◆ YOUR INSTRUCTIONS:
Write out word for word each line from the top of the material through the line that has "Räuchermischung ohne Weihrauch". Pictures do not go in.

++++

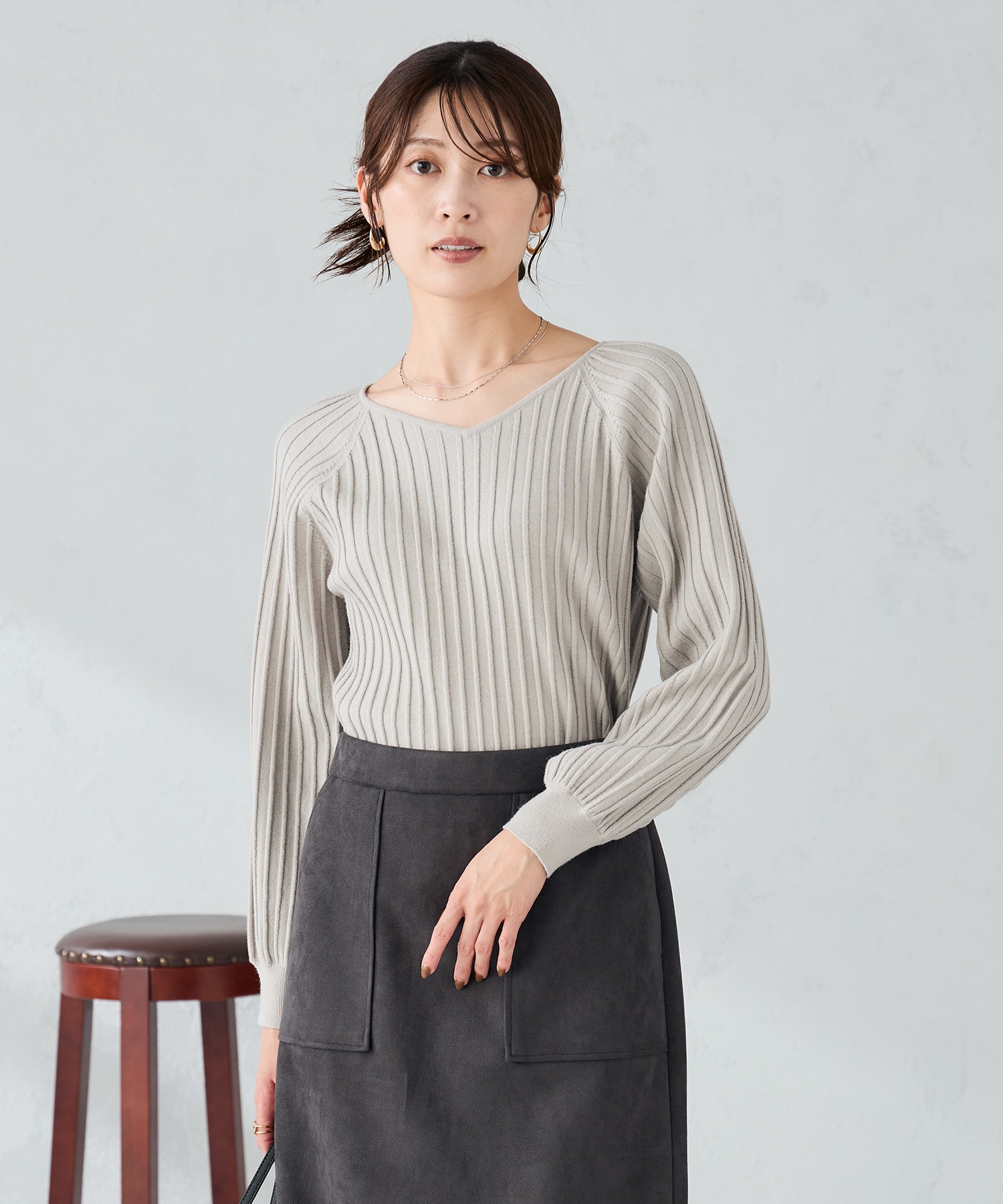 リブVネックカットソーは、首元のきれい見えと抜群の着回し力で、学校行事や女子会、デイリーコーデに重宝します。
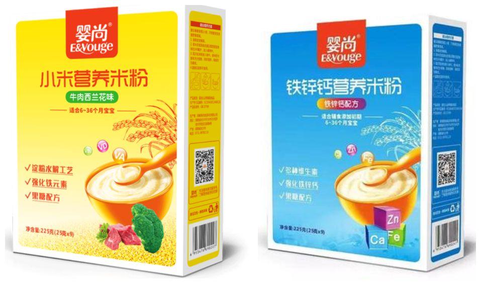 不合格項目:1批嬰尚小米營養(yǎng)米粉(牛肉西蘭花味)、1批次嬰尚鐵鋅鈣營養(yǎng)米粉(鐵鋅鈣配方),維生素A檢出值低于食品標準。
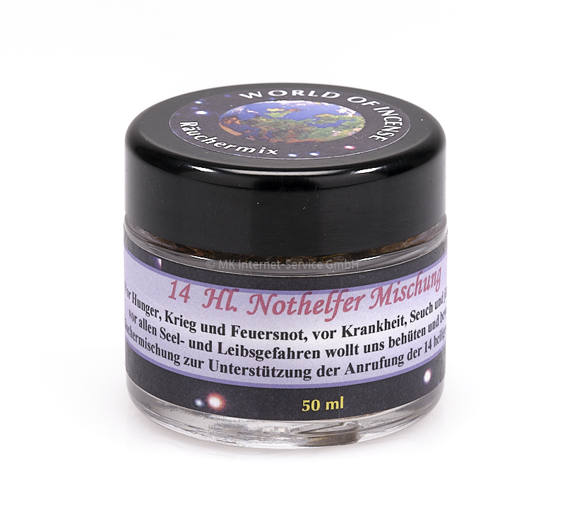 Räuchermischung ohne Weihrauch zur Unterstützung der Anrufung der vierzehn heiligen Nothelfer. Die vierzehn Nothelfer sind Heilige aus dem zweiten bis vierten Jahrhundert, von denen alle bis auf den Heiligen Ägidius als Märtyrer starben:
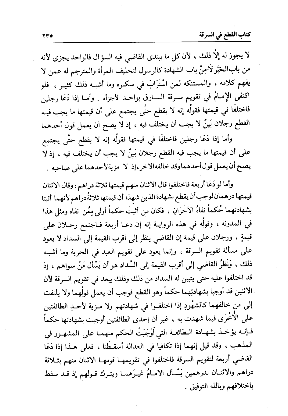 وأما لو دعا أربعة فاختلفوا قال الاثنان منهم قيمتها ثلاثة دراهم، وقال الاثنان قيمتها درهمان لوجب أن يقطع بشهادة اللذين شهدا أن قيمتها ثلاثة دراهم لأنهما أثبتا بشهادتهما حكما نفاه الآخران، فكان من أثبت حكما أولى ممن نفاه ومثل هذا في المدونة، وقوله في هذه الرواية إنه إن دعا أربعة فاجتمع رجلان على قيمة، ورجلان على قيمة إن القاضي ينظر إلى أقرب القيمة إلى السداد لا يعود على مسألة تقويم السرقة، وإنما يعود على تقويم العبد في الحرية وما أشبه ذلك، ونظر القاضي إلى أقرب القيمة إلى السداد هو أن يسأل من سواهم، إذ قد اختلفوا عليه حتى يتبين له السداد من ذلك وذلك يبعد في تقويم السرقة لأن الاثنين قد أوجبا بشهادتهما حكما وهو القطع فوجب أن يعمل قولهما ولا يلتفت إلى من خالفهما كالشهود إذا اختلفوا في شهادتهم ولا مزية لأحد الطائفتين على الأخرى فيما شهدت به، غير أن إحدى الطائفتين أوجبت بشهادتها حكما فإنه يؤخذ بشهادة الطائفة التي أوجبت الحكم منهما على المشهور في المذهب، وقد قيل إنهما إذا تكافيا في العدالة أسقطتا، فعلى هذا إذا دعا القاضي أربعة لتقويم السرقة فاختلفوا في تقويمها قومها الاثنان منهم بثلاثة دراهم والاثنان بدرهمين يسأل الإمام غيرهما ويترك قولهم إذ قد سقط باختلافهم وبالله التوفيق.
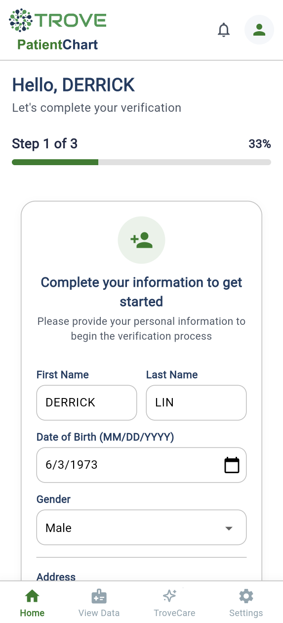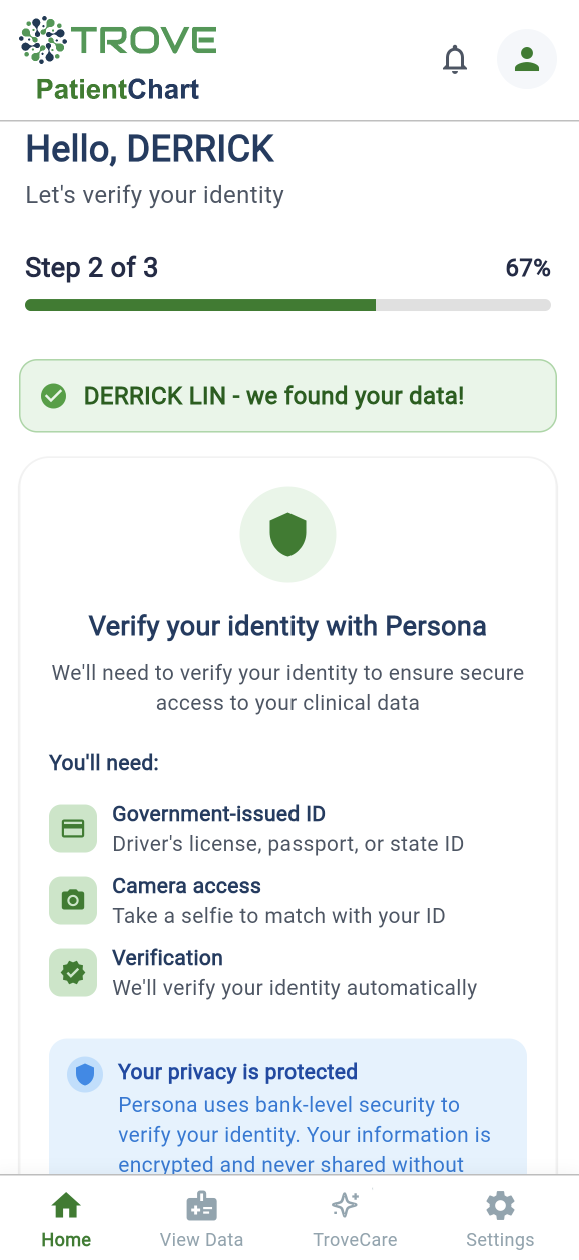 Yes — you need to create an account with Trove, and identity verification through Persona (IAL2) is sufficient to initiate a TEFCA request.
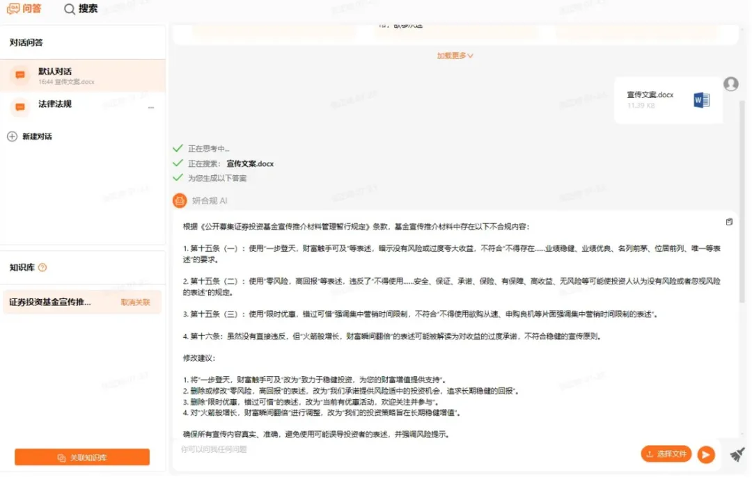 “法律法规助手”,基于金融法律法规资料,一方面为用户提供快速且低成本的法律法规智能问答服务,提升用户查询、整合法律法规条文的效率;另一方面为用户提供宣传文案、公司公告、产品合同等文本的合规性检查服务,识别违规内容与违规条例,给出修改建议,减轻合规检查的负担。
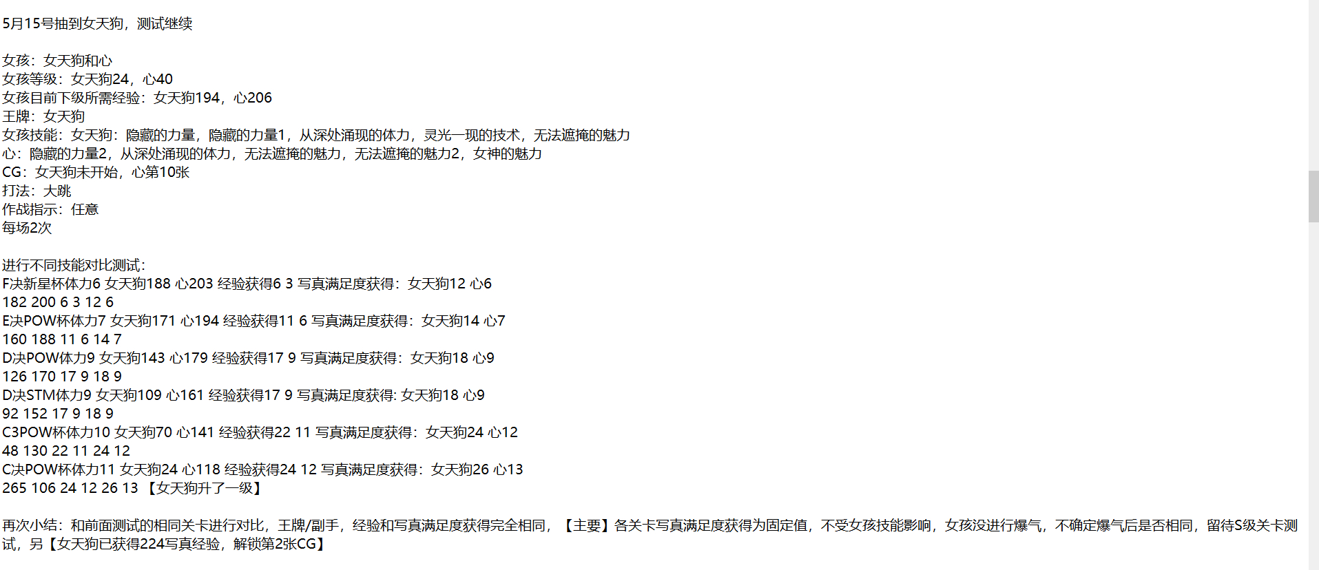 1.【主要】关卡获得的女孩经验和写真满足度,不受女孩【等级/技能/爆气】等影响,不受得分次数【STM杯一般比POW/TEC啥多打一场】影响,是一个固定值
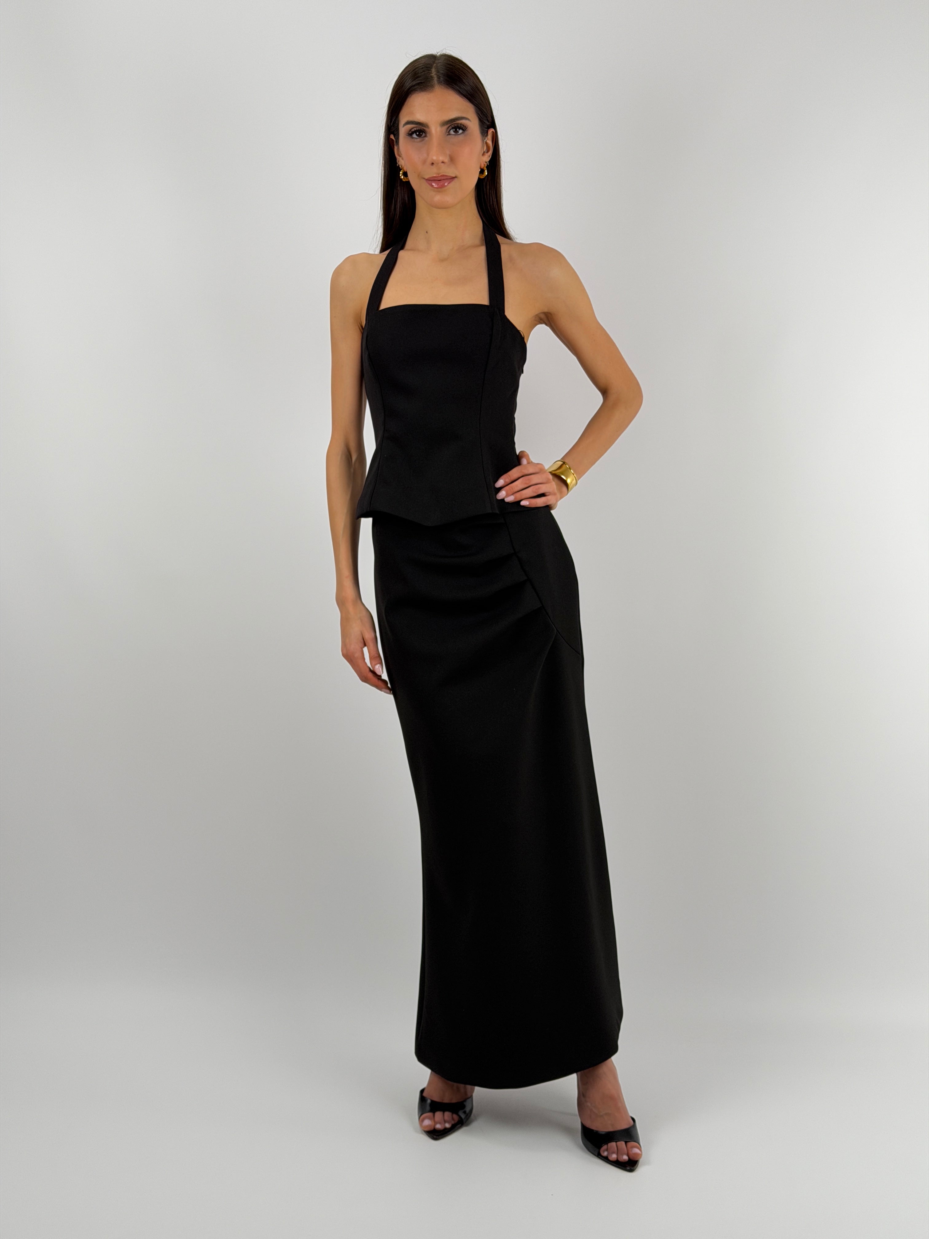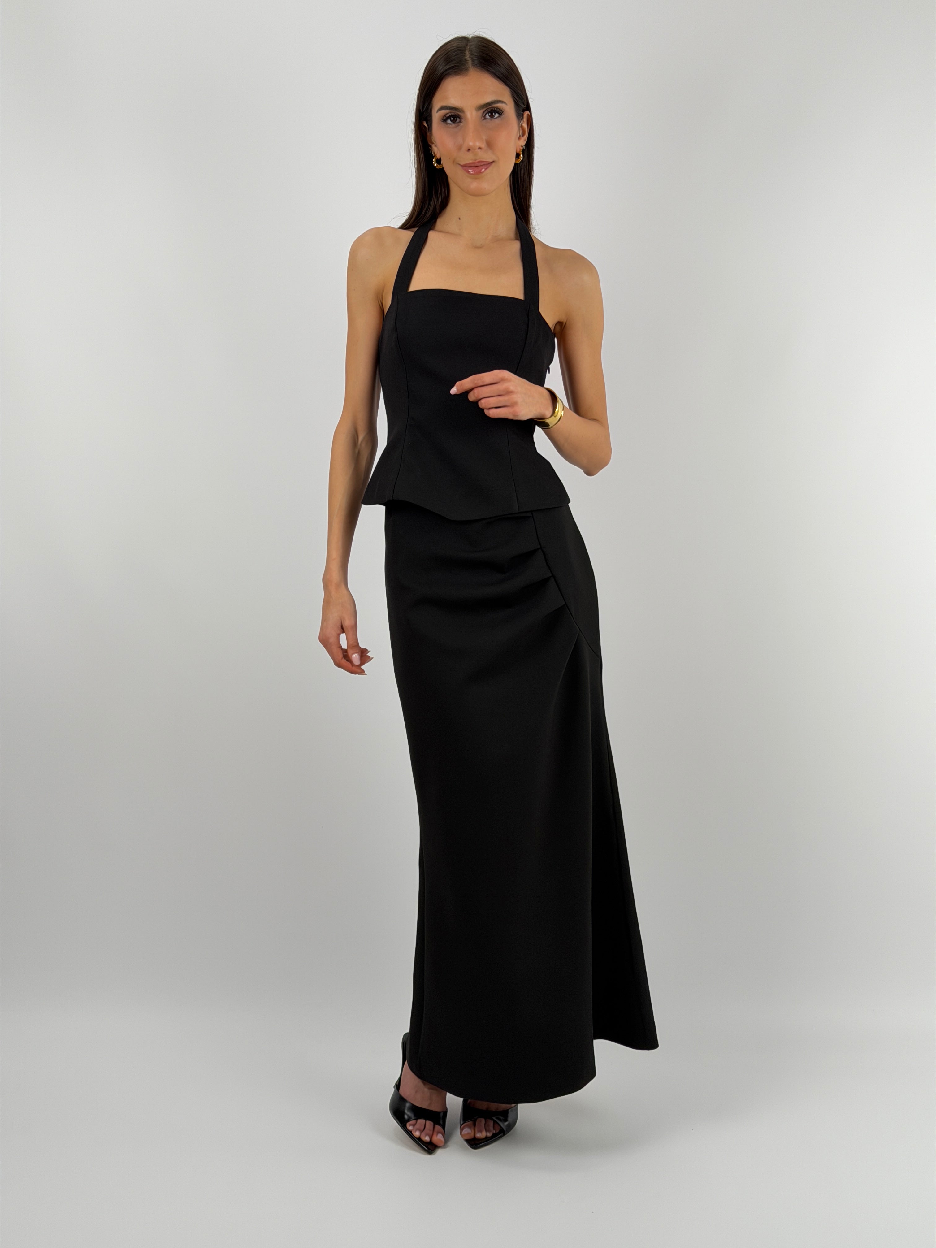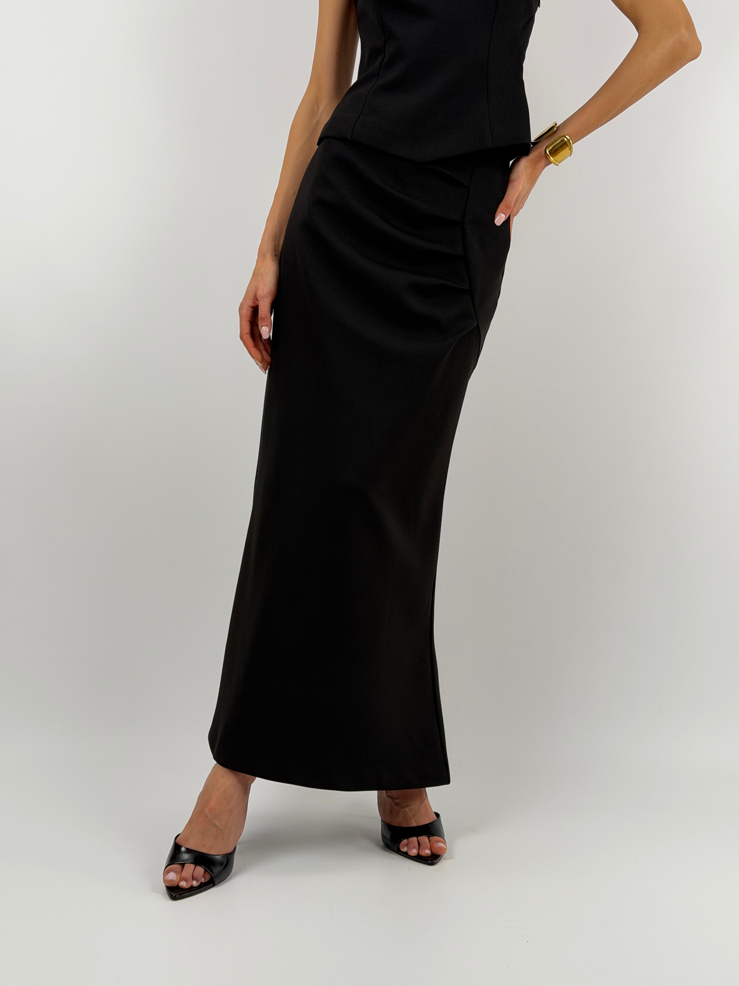 Gonna longuette nera Lumina con drappeggio frontale, spacco sul retro e chiusura con zip sul retro
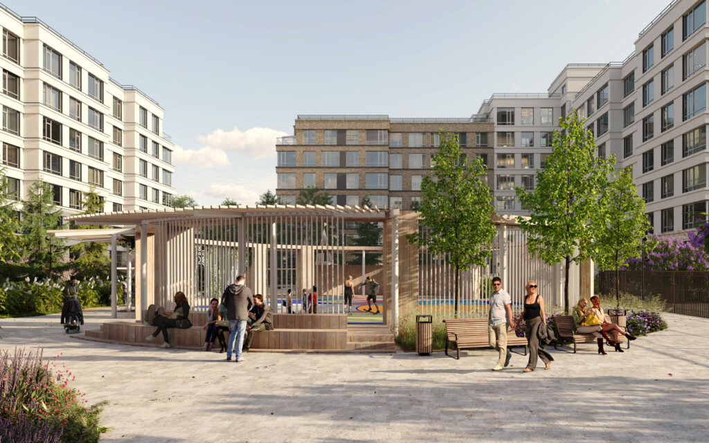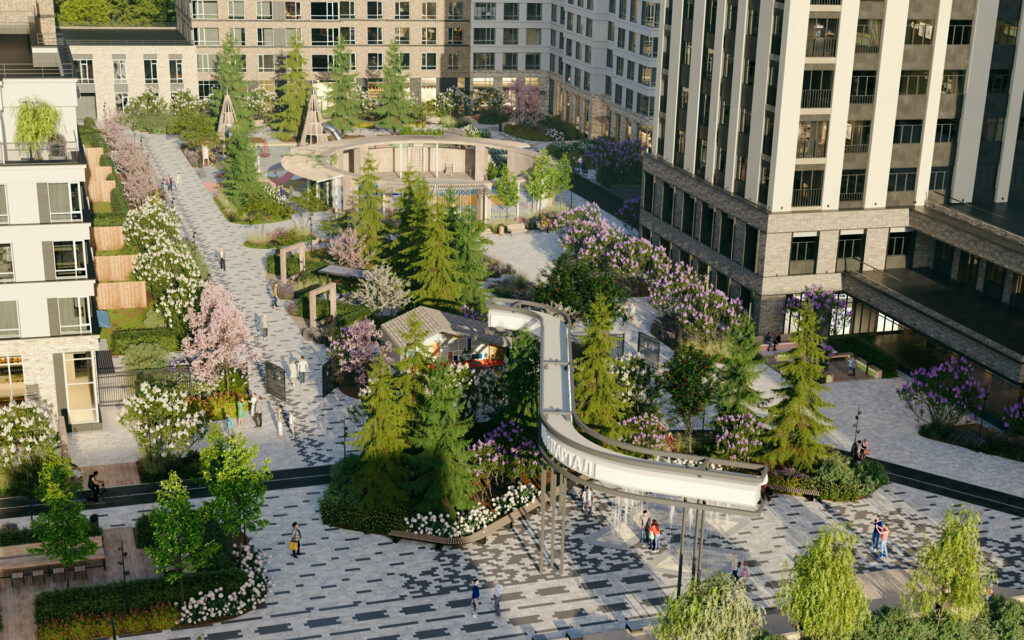 Территория комплекса объединила общественные пространства в систему бульваров для пеших прогулок, аллей, зон отдыха, детских игровых площадок и спортивных объектов, которые органично вписаны в концептуальный ландшафтный дизайн.

++++

◆ ANSWER TO THIS PROBLEM:
 リブVネックカットソーは、首元のきれい見えと抜群の着回し力で、学校行事や女子会、デイリーコーデに重宝します。
 不合格項目:1批嬰尚小米營養(yǎng)米粉(牛肉西蘭花味)、1批次嬰尚鐵鋅鈣營養(yǎng)米粉(鐵鋅鈣配方),維生素A檢出值低于食品標準。
 Räuchermischung ohne Weihrauch zur Unterstützung der Anrufung der vierzehn heiligen Nothelfer. Die vierzehn Nothelfer sind Heilige aus dem zweiten bis vierten Jahrhundert, von denen alle bis auf den Heiligen Ägidius als Märtyrer starben:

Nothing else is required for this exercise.